We will be working with a CSV file containing movie reviews. **Each row contains the text of the review, as well as a number indicating whether the tone of the review is positive(1) or negative(-1)**.

We want to predict whether a review is negative or positive, based on the text alone. To do this, we will train an algorithm using the reviews and classifications in train.csv, and then make predictions on the reviews in test.csv. We'll be able to calculate our error using the actual classifications in test.csv to see how good our predictions are.

We'll use Naive Bayes for our classification algorithm. A Naive Bayes classifier (based on Bayes' theorem) works by figuring out how likely data attributes are to be associated with a certain class.

# Finding Word Counts

We are trying to determine if we should classify a data row as negative or positive. We have to calculate the probabilities of each classification, and the probabilities of each feature falling into each classification.

All we have is one long string, but we can generate features from it. The easiest way to generate features from text is to split the text up into words. Each word in a movie review will then be a feature that we can work with. To do this, we will split the reviews based on whitespace.

Then, we will determine word frequency in the negative reviews, and positive reviews. Eventually, we'll use the word frequency to compute the probability that a new review will belong to one class versus the other.

In [8]:
# The Counter class allows us to count how many times items occur in a list
from collections import Counter
import csv
import re

# Read in the training data
with open("train.csv", 'r') as file:
    reviews = list(csv.reader(file))
    
reviews[0]

['plot : two teen couples go to a church party drink and then drive . they get into an accident . one of the guys dies but his girlfriend continues to see him in her life and has nightmares . what\'s the deal ? watch the movie and " sorta " find out . . . critique : a mind-fuck movie for the teen generation that touches on a very cool idea but presents it in a very bad package . which is what makes this review an even harder one to write since i generally applaud films which attempt',
 '-1']

In [13]:
def get_text(reviews, score):
    # convert to Lowercase 
    return " ".join([r[0].lower() for r in reviews if r[1] == str(score)])

def count_text(text):
    # Split text into words based on whitespace. words is a list
    words = re.split("\s+", text)
    # Count occurrence of each word and return as Counter object
    # sample of what this looks like - Counter({'the': 3181, '.': 2752, 'a': 1941, 'of': 1649,
    return Counter(words)

negative_text = get_text(reviews, -1)
positive_text = get_text(reviews, 1)

# Generate word counts for negative tone. 
negative_counts = count_text(negative_text)
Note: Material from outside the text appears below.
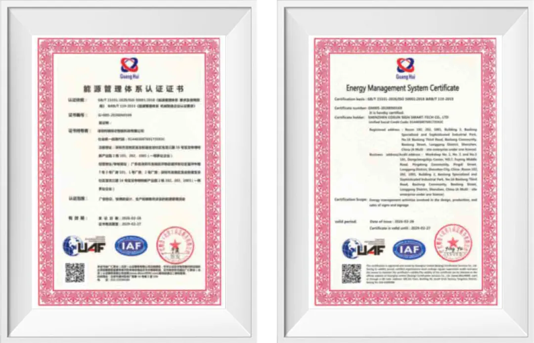 顺应绿色发展趋势,柯赛标识高度重视能源管理工作,建立并运行能源管理体系,从生产流程优化、设备节能升级,到能耗监测、数据分析与过程管控等多方面持续推进,逐步形成规范化、可持续的管理机制,并顺利取得能源管理体系认证。

# Generate word counts for positive tone
positive_counts = count_text(positive_text)

print("Negative text sample: {0}".format(negative_text[:100]))
print("Positive text sample: {0}".format(positive_text[:100]))

Negative text sample: plot : two teen couples go to a church party drink and then drive . they get into an accident . one 
Positive text sample: films adapted from comic books have had plenty of success whether they're about superheroes ( batman


# Making Predictions About Review Classifications

Now that we have the word counts, we just need to convert them to probabilities and multiply them out to predict the classifications.

Let's say we wanted to find the probability that the review "didn't like it" expresses a negative sentiment. We would find the total number of times the word "didn't" occurred in the negative reviews, and divide it by the total number of words in the negative reviews to get the probability of x given y. We would then do the same for "like" and "it". We would multiply all three probabilities, and then multiply by the probability of any document expressing a negative sentiment to get our final probability that the sentence expresses negative sentiment.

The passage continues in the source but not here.